Friday, 16 March 2012

'Loose Ends' (Justified, Season 3, Episode 9)


In a sense the episode title is apt. 'Loose Ends' is about unfinished business and the attempts by Delroy (William Mapother), Sheriff Napier (David Andrews) and Ellstin Limehouse to make sure their deeds won't come back to bite them. Like 'Watching the Detectives', the episode has the characters' messes catch up with them. And like that episode, it also moves the plot forward and reveals character in a couple of absolutely outstanding setpieces.

'Loose Ends' opens with Delroy the pimp and his girls bungling a robbery that leaves Krystal (Erin Anderson) dead. Delroy attempts to kill Ellen May (Abby Miller) too, but she seeks shelter with Ava Crowder. Meanwhile, Raylan, told by Art to leave Quarles alone, attempts to track down Tanner Dodd (Brendan McCarthy), the fugitive responsible for the car bomb that put Sheriff Napier ahead in the polls. Boyd, who pointed Raylan in Tanner's direction, seeks to reinvigorate his man Shelby's (Jim Beaver) campaign for Harlan county sheriff.

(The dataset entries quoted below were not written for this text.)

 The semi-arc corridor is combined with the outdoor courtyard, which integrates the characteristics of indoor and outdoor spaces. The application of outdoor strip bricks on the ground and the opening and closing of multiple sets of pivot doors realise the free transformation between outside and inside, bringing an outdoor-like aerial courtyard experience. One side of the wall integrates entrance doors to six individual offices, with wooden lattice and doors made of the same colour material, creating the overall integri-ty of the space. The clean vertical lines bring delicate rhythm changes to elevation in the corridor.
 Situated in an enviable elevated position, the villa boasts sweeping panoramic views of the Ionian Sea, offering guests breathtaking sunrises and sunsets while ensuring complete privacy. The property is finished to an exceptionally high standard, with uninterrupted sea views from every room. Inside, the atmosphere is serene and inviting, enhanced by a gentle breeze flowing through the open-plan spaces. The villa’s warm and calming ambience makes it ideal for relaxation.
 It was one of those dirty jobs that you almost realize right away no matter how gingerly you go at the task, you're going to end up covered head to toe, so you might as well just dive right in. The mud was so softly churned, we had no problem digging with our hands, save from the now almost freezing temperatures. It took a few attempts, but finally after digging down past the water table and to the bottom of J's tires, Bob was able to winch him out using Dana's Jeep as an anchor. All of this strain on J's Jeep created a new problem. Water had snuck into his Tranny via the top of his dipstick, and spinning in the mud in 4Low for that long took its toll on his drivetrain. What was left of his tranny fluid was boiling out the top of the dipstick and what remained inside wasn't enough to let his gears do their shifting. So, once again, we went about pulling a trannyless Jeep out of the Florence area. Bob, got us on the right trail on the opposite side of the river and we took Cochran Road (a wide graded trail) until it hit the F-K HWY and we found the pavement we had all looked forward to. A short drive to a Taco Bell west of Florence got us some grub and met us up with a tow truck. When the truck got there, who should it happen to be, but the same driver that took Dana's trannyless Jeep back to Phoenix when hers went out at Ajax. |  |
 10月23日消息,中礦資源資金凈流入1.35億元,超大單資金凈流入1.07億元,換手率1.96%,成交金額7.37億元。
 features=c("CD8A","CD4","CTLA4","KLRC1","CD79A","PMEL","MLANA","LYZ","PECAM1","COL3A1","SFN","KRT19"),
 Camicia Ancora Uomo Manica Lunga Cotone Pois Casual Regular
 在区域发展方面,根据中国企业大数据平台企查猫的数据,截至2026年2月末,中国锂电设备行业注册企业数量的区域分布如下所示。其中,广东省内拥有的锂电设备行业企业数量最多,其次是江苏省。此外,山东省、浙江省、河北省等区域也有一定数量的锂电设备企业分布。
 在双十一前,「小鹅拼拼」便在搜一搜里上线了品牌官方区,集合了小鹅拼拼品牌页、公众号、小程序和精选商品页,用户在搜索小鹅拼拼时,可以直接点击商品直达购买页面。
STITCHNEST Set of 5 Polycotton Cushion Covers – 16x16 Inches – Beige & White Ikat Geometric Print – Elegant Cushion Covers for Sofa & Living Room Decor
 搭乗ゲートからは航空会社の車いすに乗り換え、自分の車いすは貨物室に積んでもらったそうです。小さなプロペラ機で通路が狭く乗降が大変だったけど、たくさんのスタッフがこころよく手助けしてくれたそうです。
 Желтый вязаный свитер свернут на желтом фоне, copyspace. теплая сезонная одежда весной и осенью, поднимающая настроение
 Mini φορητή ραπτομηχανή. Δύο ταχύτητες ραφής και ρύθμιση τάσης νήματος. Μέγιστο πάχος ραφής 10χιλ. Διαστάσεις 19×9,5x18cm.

It all culminates in a terrific setpiece as Boyd crashes a town hall meeting and excoriates Napier for being a 'company man', while stressing his own criminal career began with his arrest for trade union work. It's a scene reminiscent of Mags Bennett's greatest moment of glory in Season Two, and Walton Goggins does as well with it as Margo Martindale did. Portraying a character performing a character isn't easy, and Boyd's speech is obviously disingenuous - his character is not reducible to blue-collar folksiness - but it's rousing all the same, and another of the by now alarmingly regular proofs that keeping Walton Goggins on board beyond the pilot was the best decision Justified ever made.

The other stuff is great too. Ava Crowder's rescue from the Season One scrappy heap continues to do wonders for me, as her transformation into hard-bitten crime queen runs up against her compassion for brutalised women, a product of her own history. Raylan, meanwhile, gets to share a wonderfully written, terrifically acted final scene with Limehouse, in which he proves no match for the butcher. The anger and hurt in Raylan's insistence that Limehouse telling him insulting stories about his mother 'would upset [him]' is something else. All in all, a great episode on the way to what I hope - not against hope, I think - will be a stunning finale.